WHAT TO PRODUCE ->
For this task, output exactly the lines of the material below starting at the line with "Refresh availabilitySandro Brown" and ending at the line with "Resource Materials and"; pictures are to be excluded.

SOURCE RECORDS ->
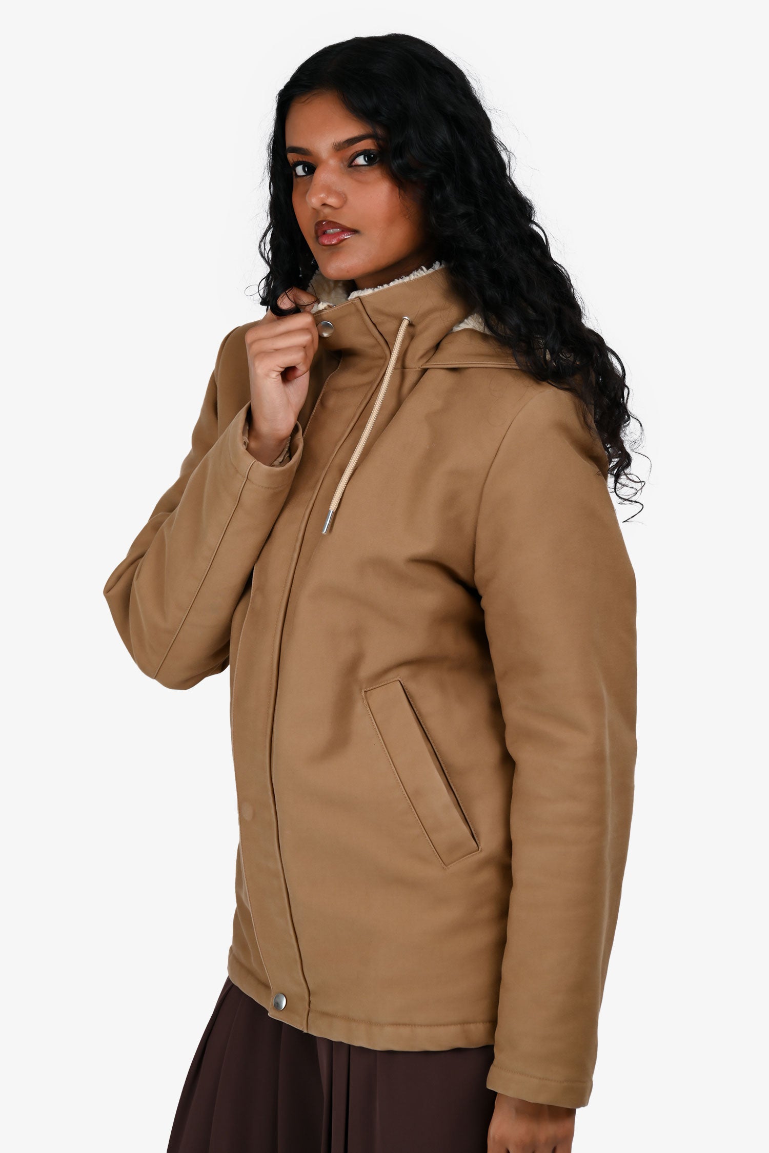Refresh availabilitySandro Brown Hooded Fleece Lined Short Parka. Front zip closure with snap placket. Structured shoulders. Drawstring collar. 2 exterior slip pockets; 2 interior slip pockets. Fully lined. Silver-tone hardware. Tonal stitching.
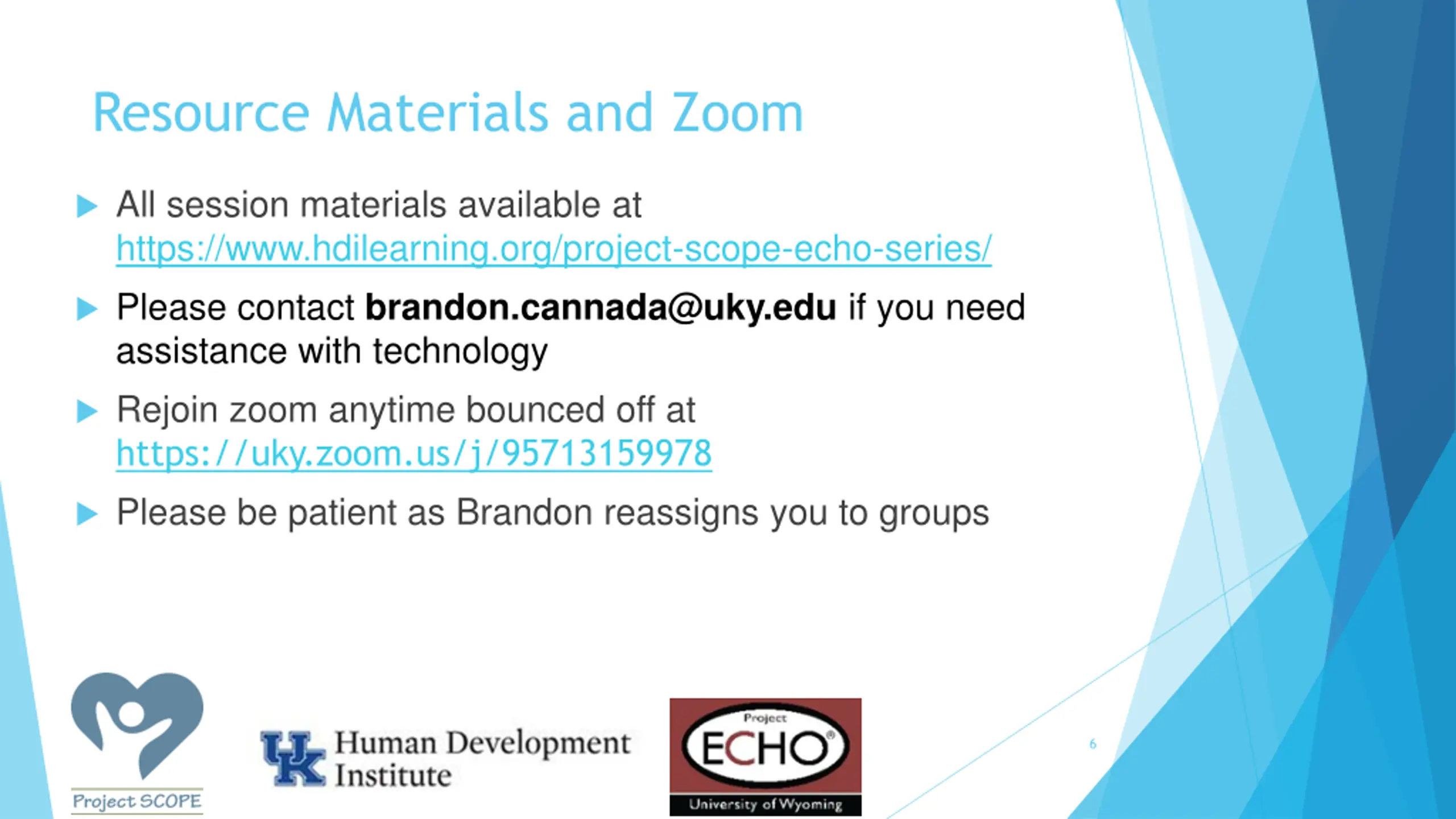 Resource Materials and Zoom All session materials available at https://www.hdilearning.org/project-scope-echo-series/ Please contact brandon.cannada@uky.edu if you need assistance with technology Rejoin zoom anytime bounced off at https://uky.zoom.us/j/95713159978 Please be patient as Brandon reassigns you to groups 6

==

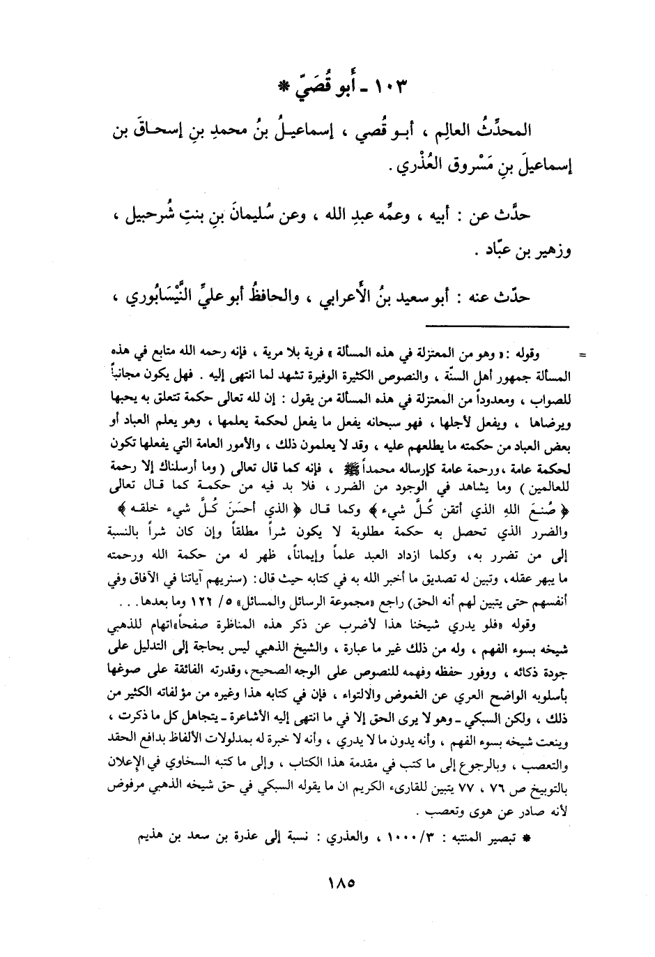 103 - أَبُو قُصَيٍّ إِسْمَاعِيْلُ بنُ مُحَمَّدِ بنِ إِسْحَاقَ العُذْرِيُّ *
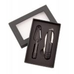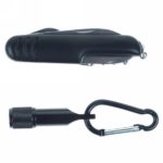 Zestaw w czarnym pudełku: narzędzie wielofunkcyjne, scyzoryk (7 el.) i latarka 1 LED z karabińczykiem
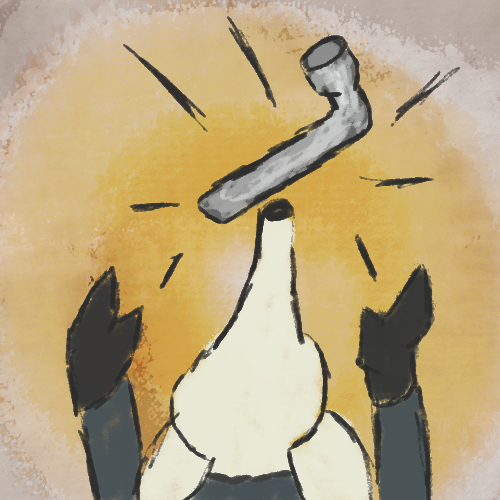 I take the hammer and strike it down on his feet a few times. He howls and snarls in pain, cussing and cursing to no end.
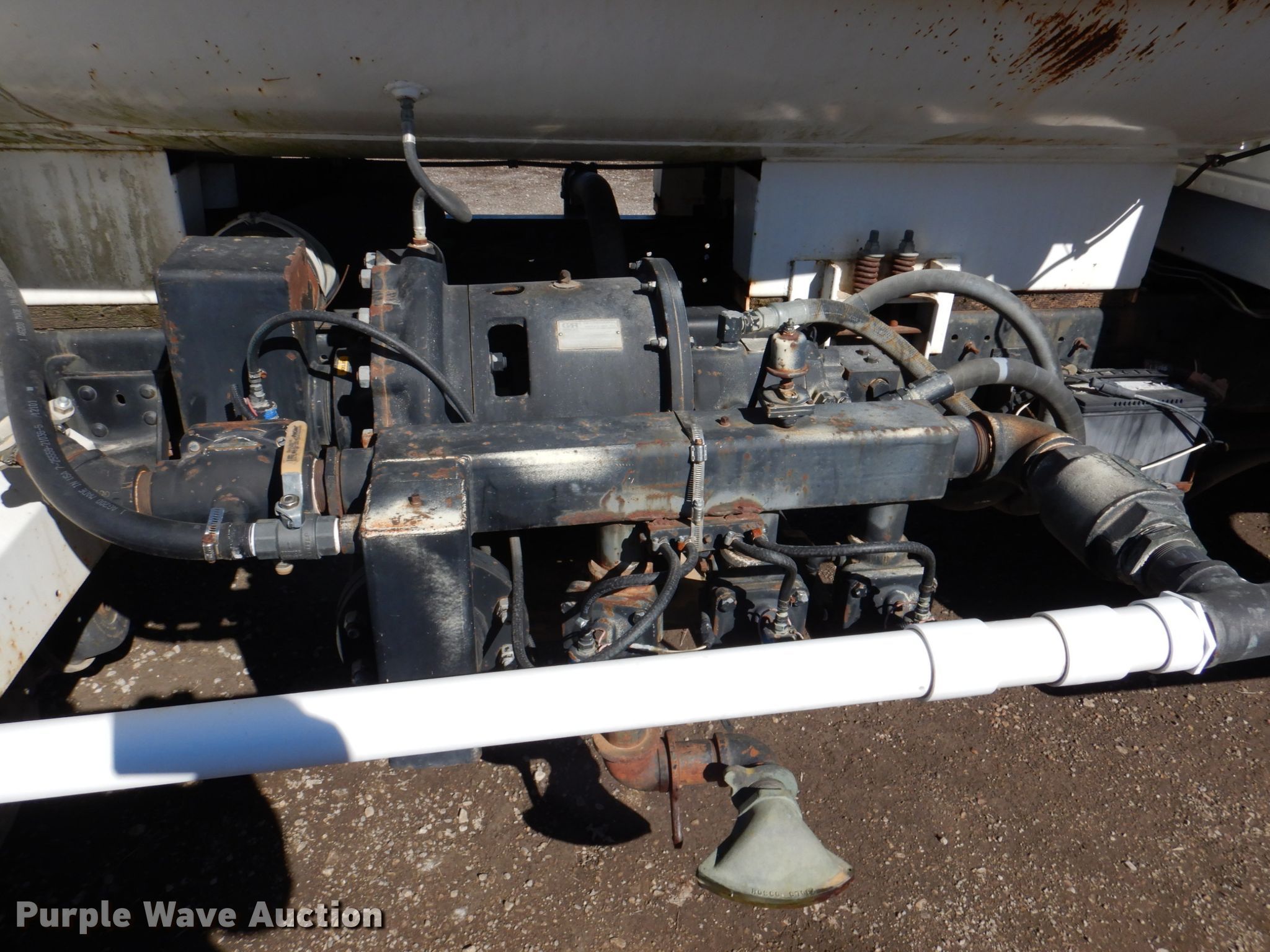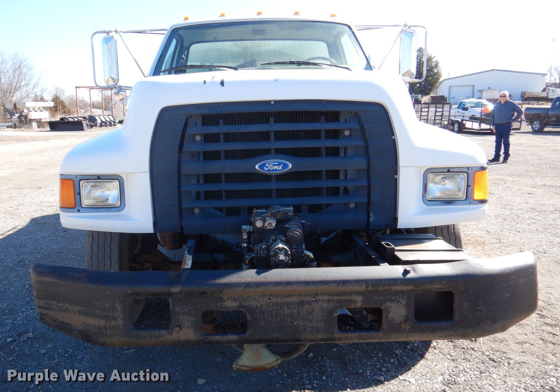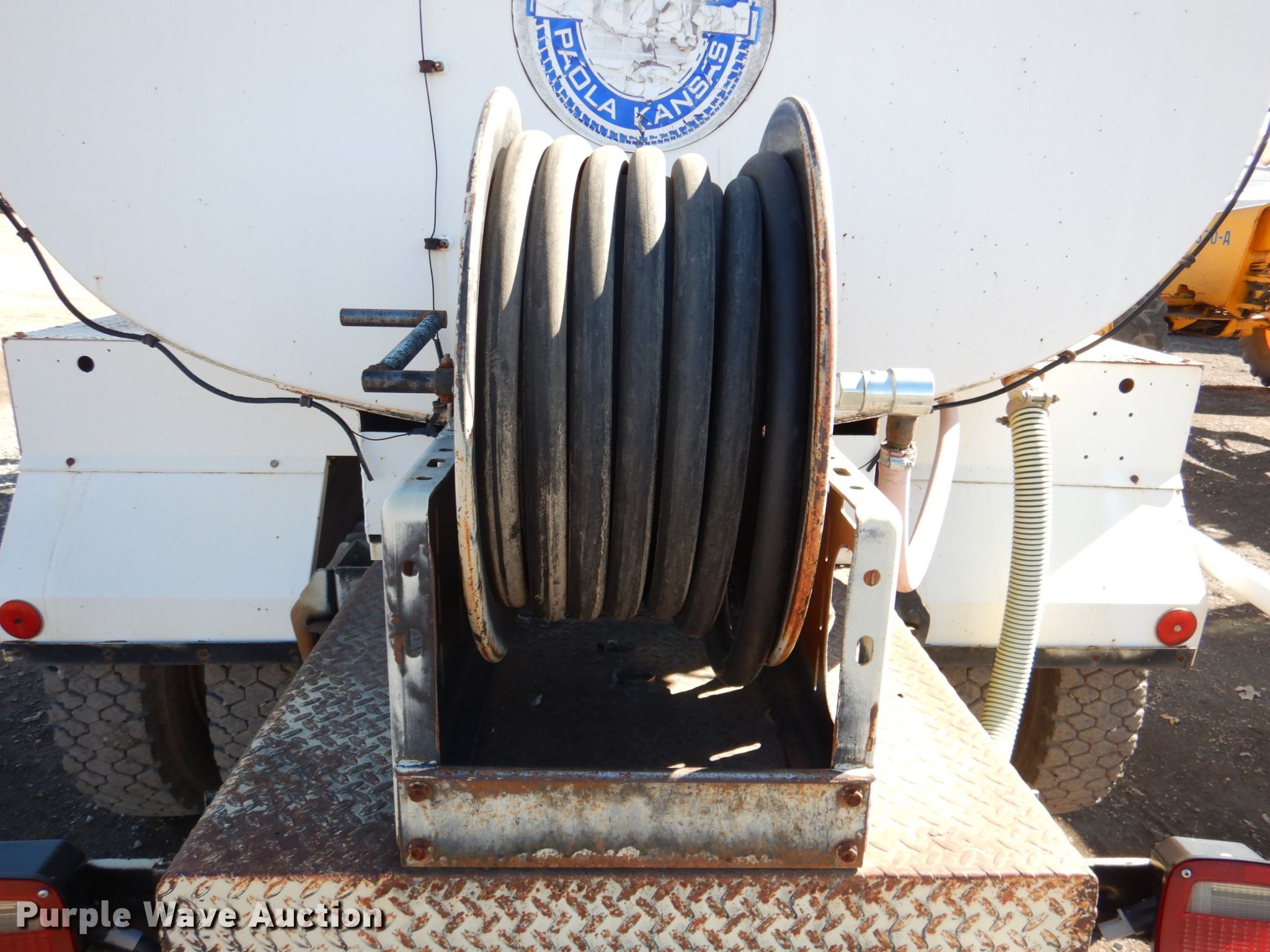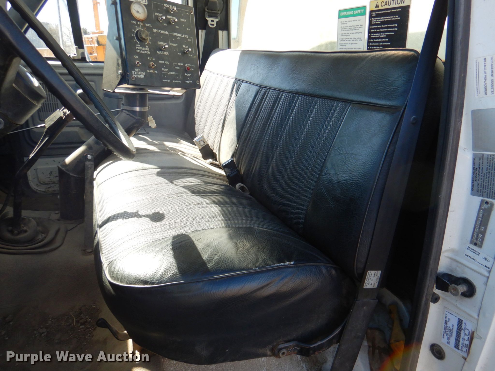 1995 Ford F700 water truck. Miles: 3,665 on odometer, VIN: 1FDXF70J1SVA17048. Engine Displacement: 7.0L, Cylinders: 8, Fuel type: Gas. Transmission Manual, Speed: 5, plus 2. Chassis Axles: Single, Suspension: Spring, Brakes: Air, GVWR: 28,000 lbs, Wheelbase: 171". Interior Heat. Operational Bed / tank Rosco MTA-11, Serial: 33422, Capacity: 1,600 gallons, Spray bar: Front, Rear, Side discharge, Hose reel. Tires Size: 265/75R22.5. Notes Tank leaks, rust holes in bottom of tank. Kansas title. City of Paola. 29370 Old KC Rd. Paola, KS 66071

---

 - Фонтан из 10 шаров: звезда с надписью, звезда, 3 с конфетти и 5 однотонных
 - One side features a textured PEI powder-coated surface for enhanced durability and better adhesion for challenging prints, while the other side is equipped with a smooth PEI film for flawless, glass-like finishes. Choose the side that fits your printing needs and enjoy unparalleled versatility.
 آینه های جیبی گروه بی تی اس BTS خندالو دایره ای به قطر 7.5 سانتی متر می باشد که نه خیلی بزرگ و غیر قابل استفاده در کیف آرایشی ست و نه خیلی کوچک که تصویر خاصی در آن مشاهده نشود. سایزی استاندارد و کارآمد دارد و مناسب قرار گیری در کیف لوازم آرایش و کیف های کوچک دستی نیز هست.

EXERCISE RESPONSE ->
Refresh availabilitySandro Brown Hooded Fleece Lined Short Parka. Front zip closure with snap placket. Structured shoulders. Drawstring collar. 2 exterior slip pockets; 2 interior slip pockets. Fully lined. Silver-tone hardware. Tonal stitching.
 Resource Materials and Zoom All session materials available at https://www.hdilearning.org/project-scope-echo-series/ Please contact brandon.cannada@uky.edu if you need assistance with technology Rejoin zoom anytime bounced off at https://uky.zoom.us/j/95713159978 Please be patient as Brandon reassigns you to groups 6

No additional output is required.